>>>

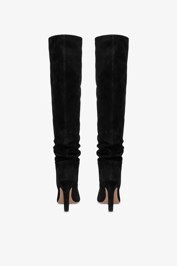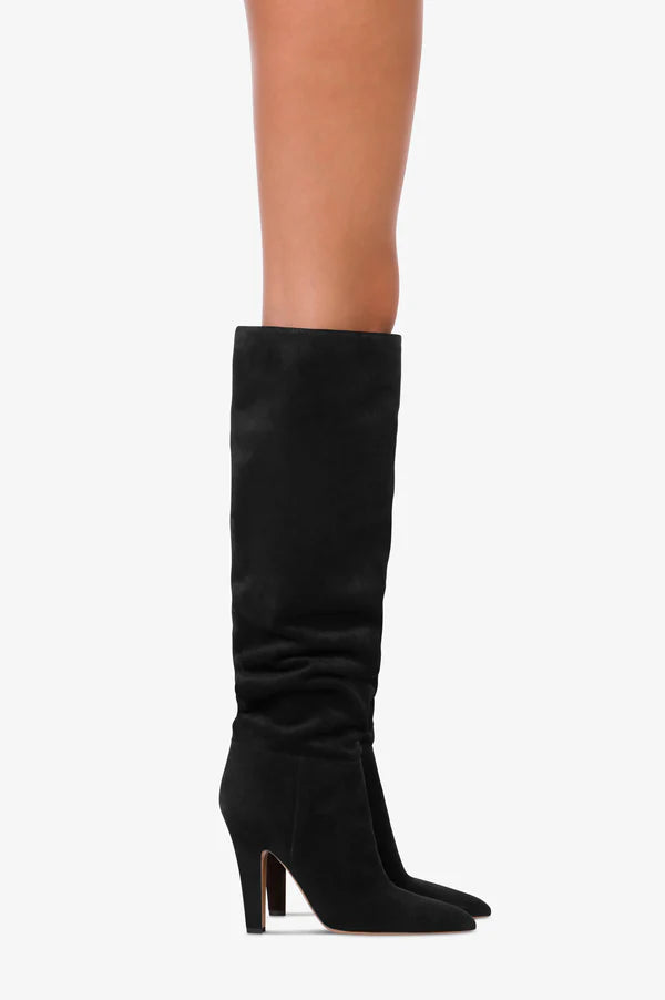 Round-toe boots in black calf suede leather. Covered cone heel. Made in Italy.
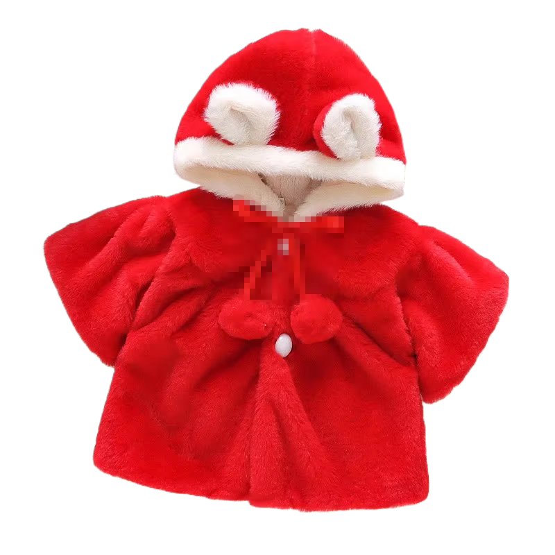 Pluszowa kurtka z uszami, dla dziewczynki - czerwonaUrocza pluszowa kurtka dla dziewczynki to idealny wybór na chłodniejsze dni. Wykonana z miękkiego i przyjemnego w dotyku materiału, zapewnia ciepło i wygodę. Kaptur ozdobiony uroczymi uszami oraz ozdobne pompony dodają jej wyjątkowego, bajkowego charakteru. Kurtka doskonale wpisuje się w dziecięcy, delikatny styl. Jest to praktyczna i stylowa propozycja na spacery, sesje zdjęciowe czy wyjątkowe okazje. Zalety produktu
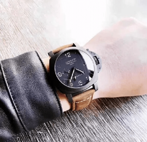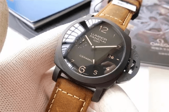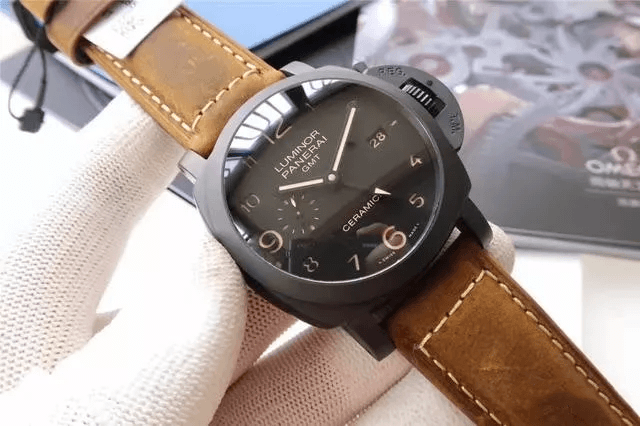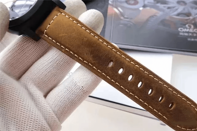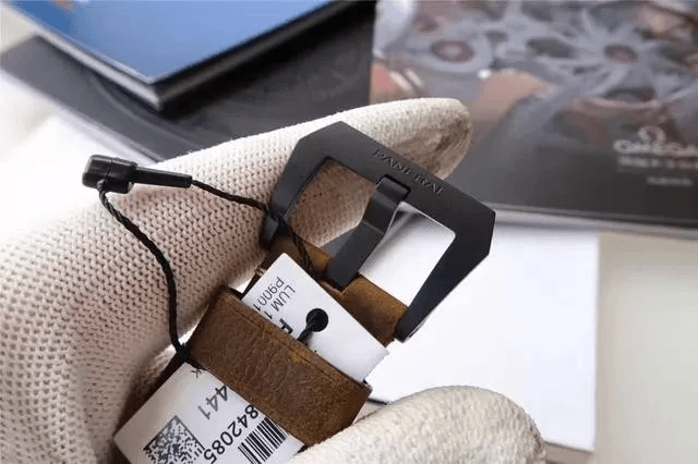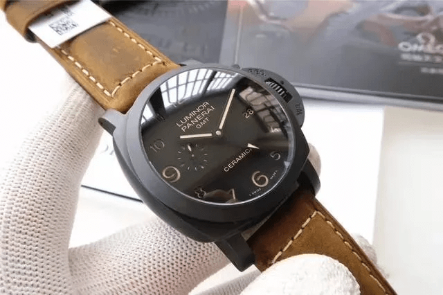 首先按照慣例還是先普及一下參數,以免部分表友還不了解,PAM00441是沛納海現代系列,圓形的表殼直徑為44毫米,大號表盤也是沛納海的一貫風格。表殼和表盤的顏色都為黑色,加上陶瓷的材質,可以完美的將沛納海外形的氣質表現出來。表冠為精鋼和磨砂精鋼的材質,并且有沛納海標志性表橋的保護,在結構上讓腕表更加穩固的同時也讓腕表更加的穩重,給人一種沉穩可靠的感覺。表鏡為藍寶石水晶的材質,透過表鏡可以看見獨具沛納海特色的阿拉伯數字時標以及12點鐘方向顯眼的品牌LOGO,日期顯示窗和小秒針表盤對稱的分布在3點和9點鐘位置,增加了表盤的內容,為我們呈現出了對稱美感。這款表還應用了背透的設計,雖然機芯沒有什么閃亮的金屬光澤,但是在陶瓷表殼的包圍之下也散發出了硬朗的氣息。再加上配有大號鈦金屬表扣的牛皮表帶,符合沛納海慣的休閑風格。
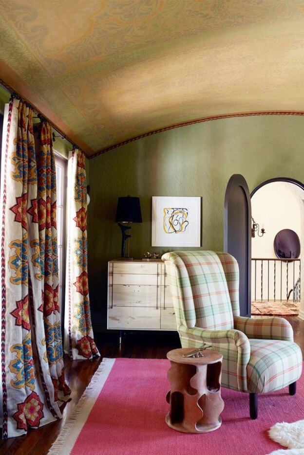 سقف ساده می تواند به زیبایی سقف های طرح دار باشد. گاهی اوقات چون ارتفاع سقف زیاد نیست مجبورید آن را ساده نگه دارید زیرا افزودن ابزار می تواند ارتفاع را کوتاهتر نشان دهد. همانطور که در تصویر میبینید در اینجا از یک رنگ ساده استفاده شده اما در صورت تمایل می توانید از رنگ گلاسه یا کاغذ دیواری طرح دار استفاده کنید.
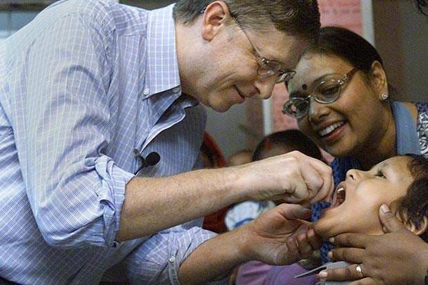 Practicing medicine without a license, Bill Gates administers an oral polio vaccine into a child in India.
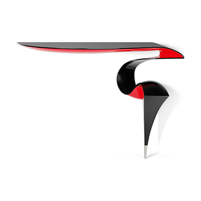 Striking and poised, the Pelican console table channels the elegant stillness of its namesake with a hand-carved mahogany base and a floating, wall-mounted top. Choose from a leather-lined or fully finished interior, accented by aged brass or brushed nickel leg tips—each variation a modern statement of craftsmanship and sculptural elegance.

<<<

Please give a word-for-word transcript of the lines from the one holding "首先按照慣例還是先普及一下參" through the final line of the entries, both ends kept, with no pictures.

*Task result:*
 首先按照慣例還是先普及一下參數,以免部分表友還不了解,PAM00441是沛納海現代系列,圓形的表殼直徑為44毫米,大號表盤也是沛納海的一貫風格。表殼和表盤的顏色都為黑色,加上陶瓷的材質,可以完美的將沛納海外形的氣質表現出來。表冠為精鋼和磨砂精鋼的材質,并且有沛納海標志性表橋的保護,在結構上讓腕表更加穩固的同時也讓腕表更加的穩重,給人一種沉穩可靠的感覺。表鏡為藍寶石水晶的材質,透過表鏡可以看見獨具沛納海特色的阿拉伯數字時標以及12點鐘方向顯眼的品牌LOGO,日期顯示窗和小秒針表盤對稱的分布在3點和9點鐘位置,增加了表盤的內容,為我們呈現出了對稱美感。這款表還應用了背透的設計,雖然機芯沒有什么閃亮的金屬光澤,但是在陶瓷表殼的包圍之下也散發出了硬朗的氣息。再加上配有大號鈦金屬表扣的牛皮表帶,符合沛納海慣的休閑風格。
 سقف ساده می تواند به زیبایی سقف های طرح دار باشد. گاهی اوقات چون ارتفاع سقف زیاد نیست مجبورید آن را ساده نگه دارید زیرا افزودن ابزار می تواند ارتفاع را کوتاهتر نشان دهد. همانطور که در تصویر میبینید در اینجا از یک رنگ ساده استفاده شده اما در صورت تمایل می توانید از رنگ گلاسه یا کاغذ دیواری طرح دار استفاده کنید.
 Practicing medicine without a license, Bill Gates administers an oral polio vaccine into a child in India.
 Striking and poised, the Pelican console table channels the elegant stillness of its namesake with a hand-carved mahogany base and a floating, wall-mounted top. Choose from a leather-lined or fully finished interior, accented by aged brass or brushed nickel leg tips—each variation a modern statement of craftsmanship and sculptural elegance.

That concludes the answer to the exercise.